___ Supplied material

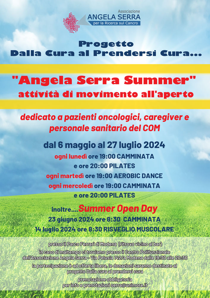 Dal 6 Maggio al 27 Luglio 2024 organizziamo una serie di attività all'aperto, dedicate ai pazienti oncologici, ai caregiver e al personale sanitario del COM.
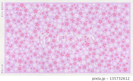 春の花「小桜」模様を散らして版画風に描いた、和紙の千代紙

______
___ Supplied material

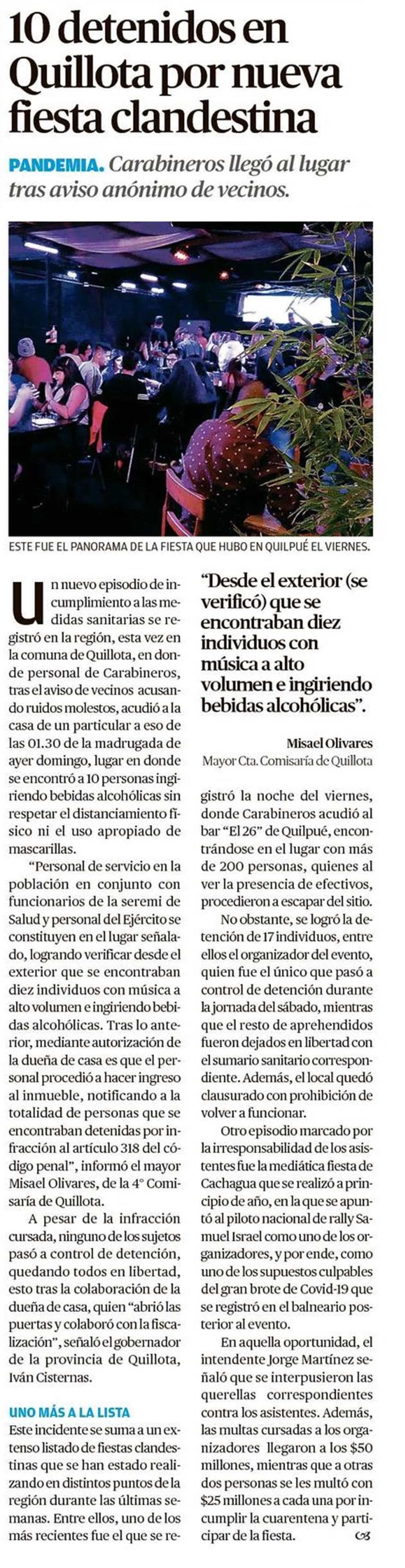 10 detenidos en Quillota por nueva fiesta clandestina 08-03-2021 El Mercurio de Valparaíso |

______

Above are records; repeat only the lines from the line with "Dal 6 Maggio" through the line with "春の花「小桜」模様を散らして版画風に描いた、和紙の千代紙", and leave pictures out.

▶ Exercise solution
 Dal 6 Maggio al 27 Luglio 2024 organizziamo una serie di attività all'aperto, dedicate ai pazienti oncologici, ai caregiver e al personale sanitario del COM.
 春の花「小桜」模様を散らして版画風に描いた、和紙の千代紙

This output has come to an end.